Danny’s mouth stiffened slightly and his lips didn’t move when he said, “And now I hand you the gun?”
“Yes. They may look for it. It should be there.”
“Yeah.” He took a handkerchief from his rear pocket. He put it around the gun and handed it to her, wiping it off as she took it from him. She had the gun now, her finger on the trigger. Danny grinned.
“Don’t get me wrong, tiger. I’m not a brave man. But I know you won’t kill me. Not right now, that is.”
Jane put the gun in her handbag and turned and walked out of there.
THE phone was ringing when she came in. A polite voice said, “This is Mr. Breach, Mrs. Palmer. We have some information for you.”
“Yes?”
“We located the car. It was abandoned just outside San Diego. It probably means he went on across the border into Mexico. That makes it tough for us.”
Jane couldn’t answer. A song was welling up in her, or laughter. Something that made her want to drop the phone and do a pirouette, San Diego! She had left the keys in the car, but she hadn’t thought of that. It was obvious, of course. Someone on the highway had found the car there and taken the rest of his trip in comfort.
She said, “Thank you, Mr. Breach. There’s nothing else?”
“No. You’ve heard nothing at all from him?”
“Nothing.”
“I see.” There was a short silence. Then Mr. Breach said, with a slight tremor in his voice, “You’re taking this thing like a real trouper, Mrs. Palmer. We’re going to do our best by you.”

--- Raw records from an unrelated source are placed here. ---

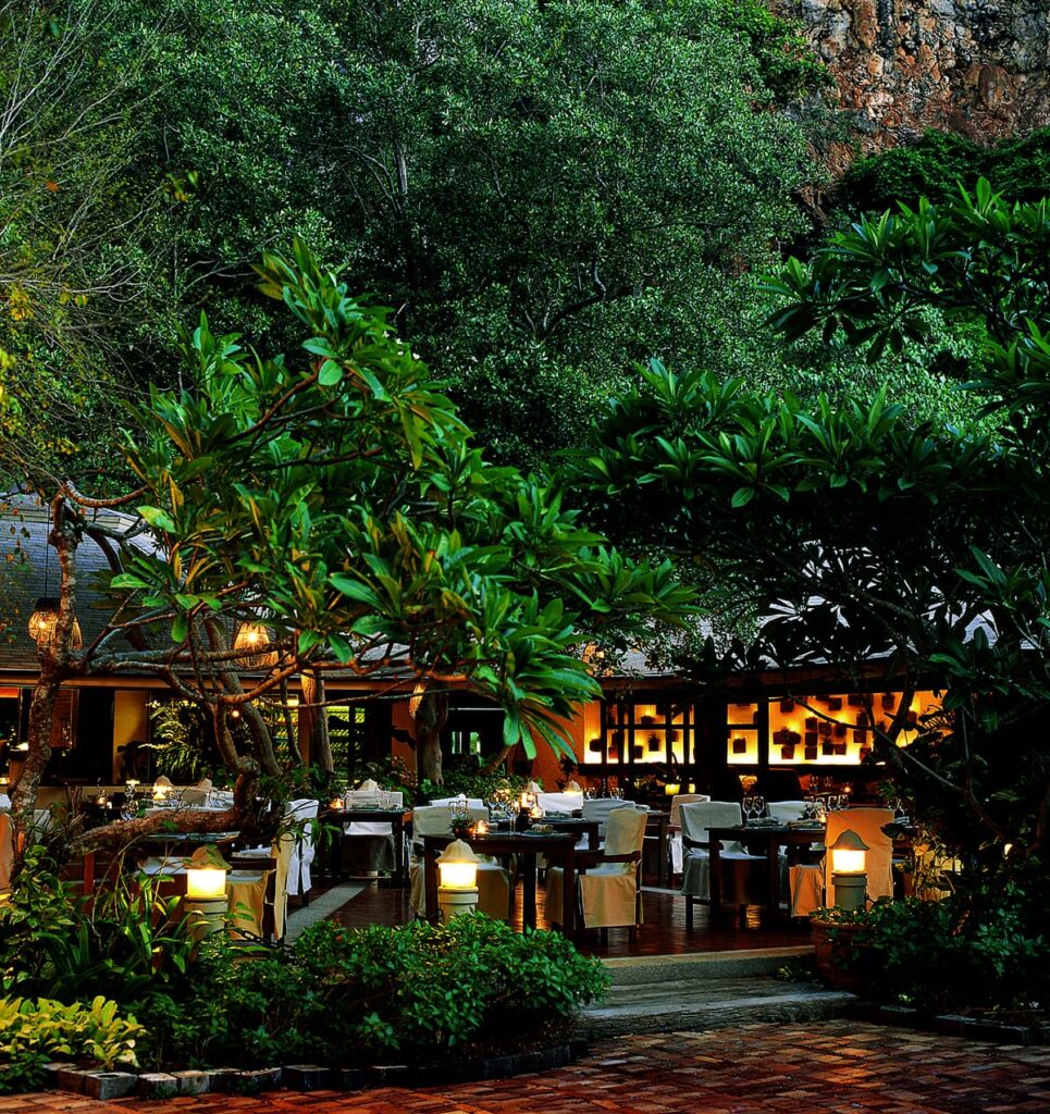 Restaurant “Raya Dining” mit internationalen Spezialitäten “à la carte” oder vom Buffet, Strandrestaurant “Krua Pranang” mit thailändische Spezialitäten, “Raitalay Terrace” am Pool und “The Grotto” (in einer Grotte gelegen), Bar, Lesezimmer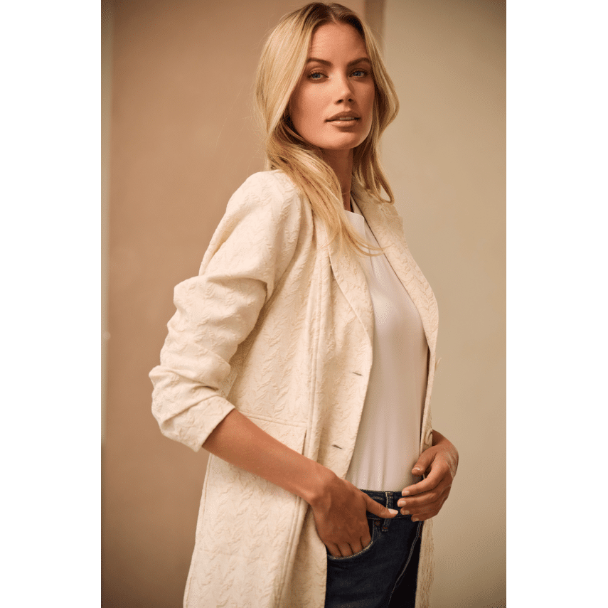 Helena Hart jas van een luxe, licht gestructureerde stof met een verfijnd dessin. Deze jas heeft een tijdloze uitstraling en voelt tegelijkertijd modern door de cleane belijning en elegante afwerking. Een perfecte tussenjas die moeiteloos past bij zowel een geklede als een meer casual look.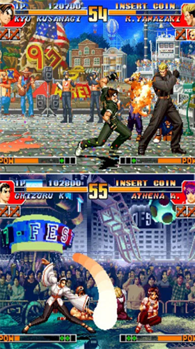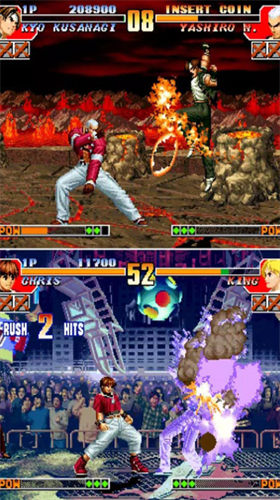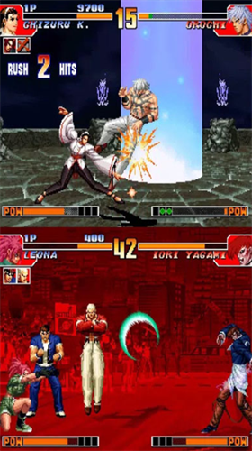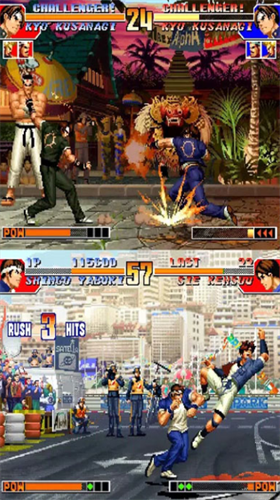 拳皇97风云再起破解版无限大招版是一款手机端的经典街机格斗类手游。拳皇是1994年日本SNK公司旗下在MVS游戏机板上发售的一款著名对战型格斗街机游戏,简称"KOF",拳皇97是在于1997年发行的,相较于拳皇前三个版本在各方面都有较大改进,是拳皇系列成熟之作,相信在座的各位小伙伴,小时候肯定都有去过游戏厅玩过,而作为当时最火爆的一款游戏,想玩到它都是要在游戏厅里排队的。尽管可能要冒着被家长抓到的风险,但依旧乐此不疲。而拳皇97风云再起是拳皇97的修改版,在同年发行。现也成功移植到安卓平台上此版本可单人游戏也可利用蓝牙功能双人对战。在人物的选择上大蛇、暴走八神、暴走莉安娜、干枯大地之七枷社、炎之克里斯、荒狂稻光之夏尔米这六位隐藏人物(大蛇在八神庵和矢吹真吾两位人物中间可选择)。速度要比原版的拳皇97快得多,攻击力也比原版的强。看着草雉京,八神庵,大蛇是不是感觉青春又回来了呢。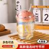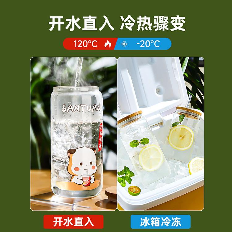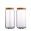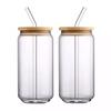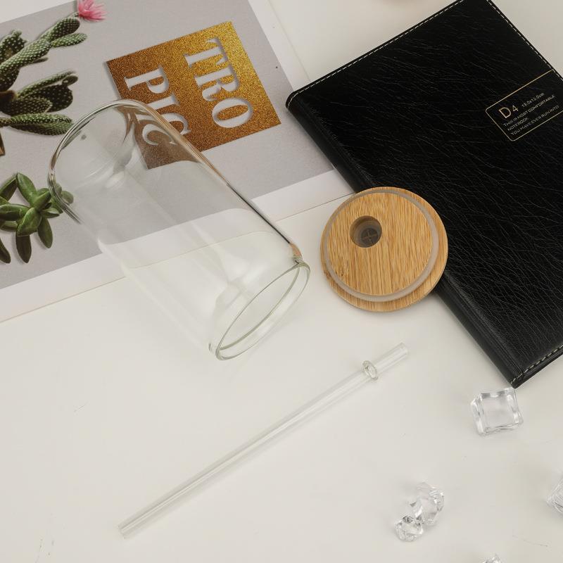 Vaso de agua de vidrio borosilicato de una sola capa, tapa de bambú, vaso cilíndrico con pajita, color sólido transparente, para bebida fría, vaso Mason en stock al por mayor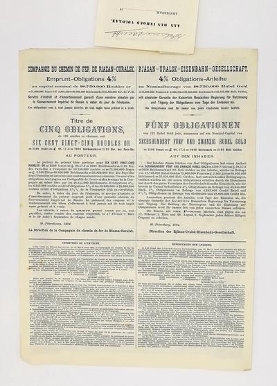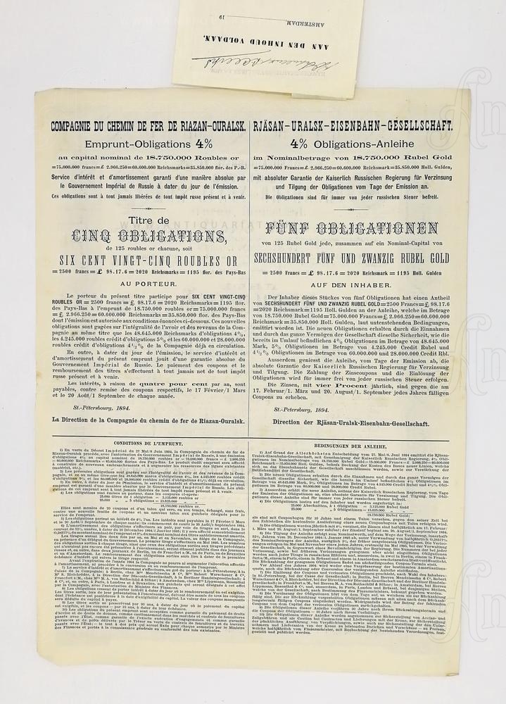 4% облигационный заём общества "Рязанско-Уральской железной дороги"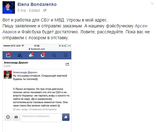 "Вот и работка для СБУ и МВД. Угрозы в мой адрес. Пишу заявление и отправлю заказным. А нашему фэйсбучному Арсену Авакову и Фэйсбука будет достаточно. Ловите, расследуйте. Пока вас не отправили с позором в отставку", – заявила Бондаренко, обнародовав скрин-шот сообщения с угрозами.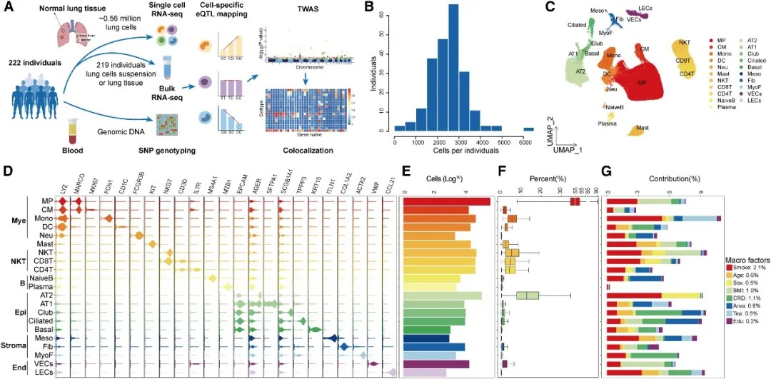研究团队采用多重单细胞RNA测序技术,对222名中国个体的正常肺组织进行高精度分析,共生成了来自870,061个细胞的scRNA测序数据,经过去复用、去除双重体和质量控制后,保留了来自222名个体的562,255个细胞,平均每位供体2,533个细胞,涵盖了21种不同的肺细胞类型。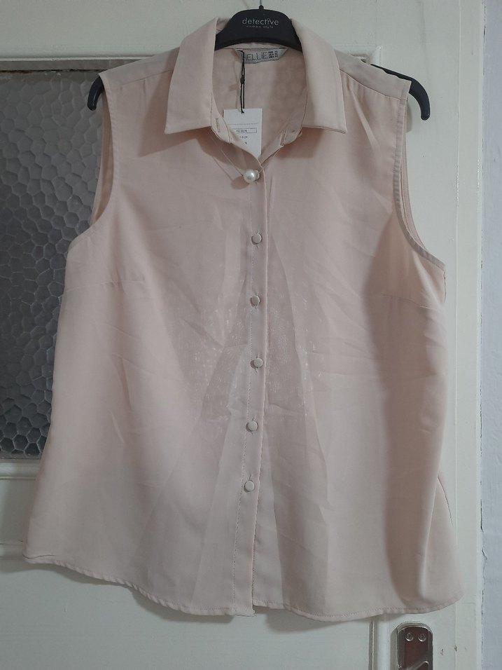 Bej renkte, keten kumaştan kolsuz gömlek. Düğmeli ve yakalı, rahat kesimiyle günlük sokak stiline uygundur. yeni ürün alan sadece yıkayarak kullanmalı biraz kirlendigi için uyguna koyuyorum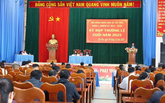 Ngày 29/12, HĐND xã Tây Hòa khóa I, nhiệm kỳ 2021–2026 tổ chức Kỳ họp thường lệ cuối năm 2025 nhằm đánh giá tình hình phát triển kinh tế – xã hội, quốc phòng – an ninh năm 2025 và quyết định các nội dung quan trọng theo thẩm quyền.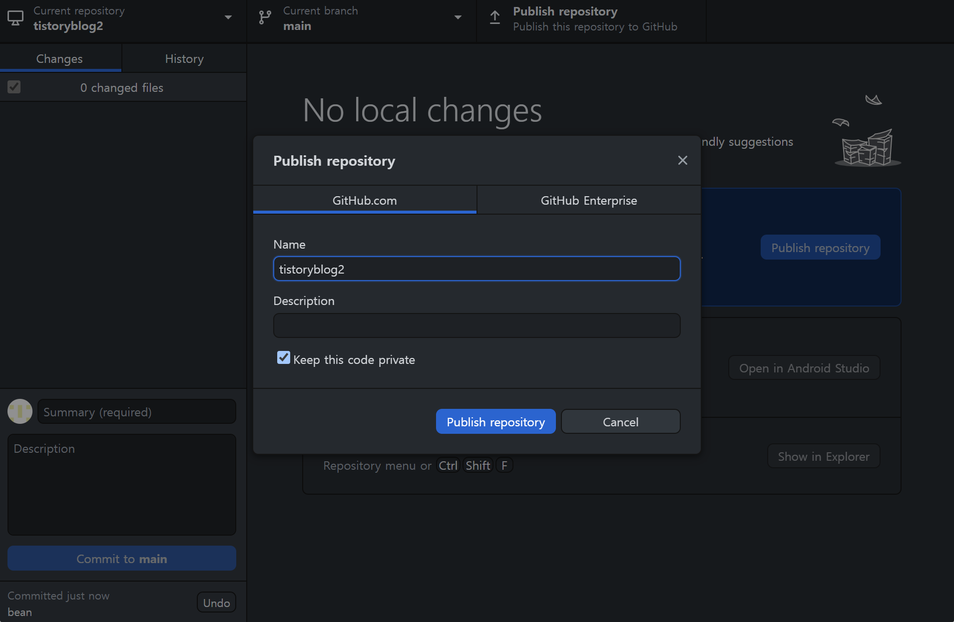 3. 여기서 위와 같은 방식으로 Commit to main 버튼을 눌러주고 Publish repository를 눌러주면

“Oh, thank you, Mr. Breach. I . . . well, thanks. Good-by.”
She hung up and ran into the bedroom and put the gun away carefully and undressed and bathed and dressed again. She made a sandwich and drank some milk. Then she began the search. She started in the kitchen, missing no inch of possible concealment anywhere. It would take a long time to do it this way, but this was the way she would do it. And she would find the ticket.
It was six-forty and Jane was washing her hands at the sink. Someone knocked lightly anti the door opened and a voice called, “Jane.” Jane went into the living room and told Kathy to come on in and sit down.
Kathy said, “Your face is dirty. What in the world have you been doing?”
“Cleaning up. I have to do something.”
“Of course. Has there been any news?”
Jane collapsed on the chesterfield. “Yes,” she breathed. “They found the car in San Diego.”
Kathy sat down slowly. “San Diego. Then there can’t be much doubt that he just went away.”
Jane said sharply, “What did you think had happened to him?”
“Why . . . I just didn’t think. It just doesn’t make sense.”
“No, it doesn’t make sense. Does anything?”
“Yes. Most things. Jane, did you look to see if his gun was gone?”
Jane didn’t move. It was all right. She could gain time. She was tired. After a moment, she said, “No, why?” And she knew that her voice sounded quite normal.
“Well, I was just thinking that he’d have taken the gun if he knew he was going away. Don’t you think he would have?”
Jane turned her head and studied Kathy’s tiny face, the color warm beneath the olive skin, the eyes young and large and dark. A face, Jane thought, that would always look vapid and a little puzzled. But was the mind behind it like the face? Why was she talking about the gun? Jane sat up slowly and then stood.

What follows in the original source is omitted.